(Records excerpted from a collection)
Segment Open

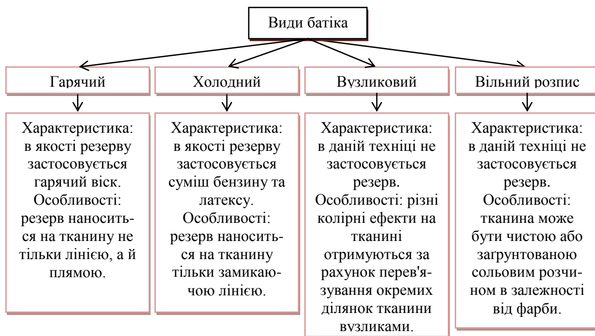
Рис.1 Види батика

Існує кілька видів батіку: гарячий батік, холодний батік, вузликовий батік, вільний розпис (рис. 1).
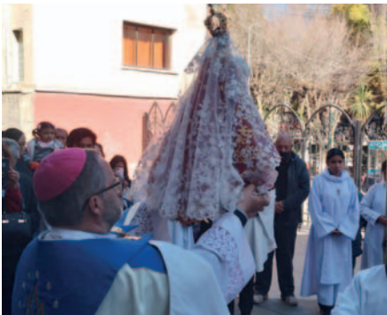
Desde el atrio de "La Catedral", la Virgen de la Asunta bendijo a Oruro

Mientras que para el 15 de agosto, el Día de la Asunción, la Iglesia celebrará la solemne eucaristía de fiesta, que será presidida por el Obispo a las 19:00 horas.
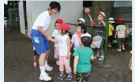
▲子どもたちと笑顔でふれあう(市内保育園での白山中生徒)

員会指導課 ☎ 7185-1367 FAX 7182-5867 Eメール shidou@city.abiko.chiba.jp へ 問い合わせ キャリア教育推進協議会事務局(教育委員会指導課) ☎ 7185-1367、生涯学習担当 ☎ 7182-0622

Segment Closed

* [Work order]: Reproduce only the lines from the first line of the entries through the line containing "Desde el atrio", exactly and with both ends kept. Omit the pictures.

* [Solution to this task]:
Рис.1 Види батика

Існує кілька видів батіку: гарячий батік, холодний батік, вузликовий батік, вільний розпис (рис. 1).
Desde el atrio de "La Catedral", la Virgen de la Asunta bendijo a Oruro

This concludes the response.